I implemented a single-producer-single-consumer lock-free Circular Buffer. The reference implementation is the one at: http://home.comcast.net/~lang.dennis/code/ring/ring.html (the Base-line implementation, the first listing from top).
EDIT: For reference the original code:
template <class T, size_t RingSize>
class RingBuffer
{
public:
RingBuffer(size_t size = 100)
: m_size(size), m_buffer(new T[size]), m_rIndex(0), m_wIndex(0)
{ assert(size > 1 && m_buffer != NULL); }
~RingBuffer()
{ delete [] m_buffer; };
size_t Next(size_t n) const
{ return (n+1)%m_size; }
bool Empty() const
{ return (m_rIndex == m_wIndex); }
bool Full() const
{ return (Next(m_wIndex) == m_rIndex); }
bool Put(const T& value)
{
if (Full())
return false;
m_buffer[m_wIndex] = value;
m_wIndex = Next(m_wIndex);
return true;
}
bool Get(T& value)
{
if (Empty())
return false;
value = m_buffer[m_rIndex];
m_rIndex = Next(m_rIndex);
return true;
}
private:
T* m_buffer;
size_t m_size;
// volatile is only used to keep compiler from placing values in registers.
// volatile does NOT make the index thread safe.
volatile size_t m_rIndex;
volatile size_t m_wIndex;
};
Mod: I store read and write indices in local variables and use only the local variables in expressions. I update them before returning from the functions (get and put).
For clarity the get function:
bool Get(T& value)
{
size_t w=m_wIndex;
size_t r=m_rIndex;
if (Empty(w,r))
return false;
value = m_buffer[r];
//just in case the compiler decides to be extra smart
compilerbarrier();
m_rIndex = Next(r);
return true;
}
Then, I created separate producer and consumer threads:
Producer Thread loop:
uint64_t i = 0;
while (i <= LOOPS) {
if (buf.put(i)) {
i += 1;
}
}
consumerthread.join(); //pseudocode: wait for the consumer to finish
Consumer Thread Loop:
uint64_t i=0;
while (i < LOOPS) {
buf.get(i);
}
Producer puts integers [0, LOOPS] into the buffer and the consumer gets them one at a time from the buffer until it finally gets the integer value LOOPS, and the consumer loop terminates. Please note that size of the buffer is much smaller than LOOPS.

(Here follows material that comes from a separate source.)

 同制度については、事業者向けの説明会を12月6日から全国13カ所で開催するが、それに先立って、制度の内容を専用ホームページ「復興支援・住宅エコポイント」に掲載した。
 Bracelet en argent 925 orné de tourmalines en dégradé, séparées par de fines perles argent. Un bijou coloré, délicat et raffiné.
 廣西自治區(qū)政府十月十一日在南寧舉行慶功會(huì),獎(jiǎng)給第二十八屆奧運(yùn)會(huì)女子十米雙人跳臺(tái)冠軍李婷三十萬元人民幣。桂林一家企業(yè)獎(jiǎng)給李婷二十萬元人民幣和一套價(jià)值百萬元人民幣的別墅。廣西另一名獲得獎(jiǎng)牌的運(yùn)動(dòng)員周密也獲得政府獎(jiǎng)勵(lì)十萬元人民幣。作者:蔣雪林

If I keep the volatile keyword on for the read and write indices whole thing Works like a charm. The Consumer loop terminates and the producer returns.

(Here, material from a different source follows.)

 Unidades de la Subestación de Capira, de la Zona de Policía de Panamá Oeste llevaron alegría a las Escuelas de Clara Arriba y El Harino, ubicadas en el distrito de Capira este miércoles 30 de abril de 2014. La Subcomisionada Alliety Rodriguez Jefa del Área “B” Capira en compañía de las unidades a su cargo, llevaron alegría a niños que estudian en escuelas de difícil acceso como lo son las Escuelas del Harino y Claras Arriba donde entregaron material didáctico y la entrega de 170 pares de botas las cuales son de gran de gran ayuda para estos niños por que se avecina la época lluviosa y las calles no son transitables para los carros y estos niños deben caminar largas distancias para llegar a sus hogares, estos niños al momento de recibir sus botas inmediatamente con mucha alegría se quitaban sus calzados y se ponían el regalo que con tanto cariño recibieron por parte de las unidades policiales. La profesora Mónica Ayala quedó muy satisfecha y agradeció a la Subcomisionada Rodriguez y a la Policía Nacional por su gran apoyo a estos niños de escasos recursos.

But, if I remove the volatile keyword then the consumer never returns.
Strangely enough, This consumer loop terminates:
uint64_t i=0;
while (i < LOOPS) {
buf.get(i);
fprintf(stderr,"%lu\n",i);
}
And this one terminates as well:
uint64_t i=0, j=0;
while (j < LOOPS) {
if(buf.get(i)) {
j=i;
}
}
What is happening? I compiled the code using gcc 4.8.4 with -O3 flag set on a 64-bit intel (i3) machine running Ubuntu.
Since the issue only occurs when you remove volatile
, the issue is most likely caused by a compiler optimization that optimizes away reads of m_wIndex in the reader thread. The compiler thinks it knows everything that might change that value so there is no reason to read it from memory more than once.
Adding a call to fprintf defeats this optimization because it's possible that fprintf might modify that variable.
Adding j
made your code more complicated and also seems to defeat the optimization.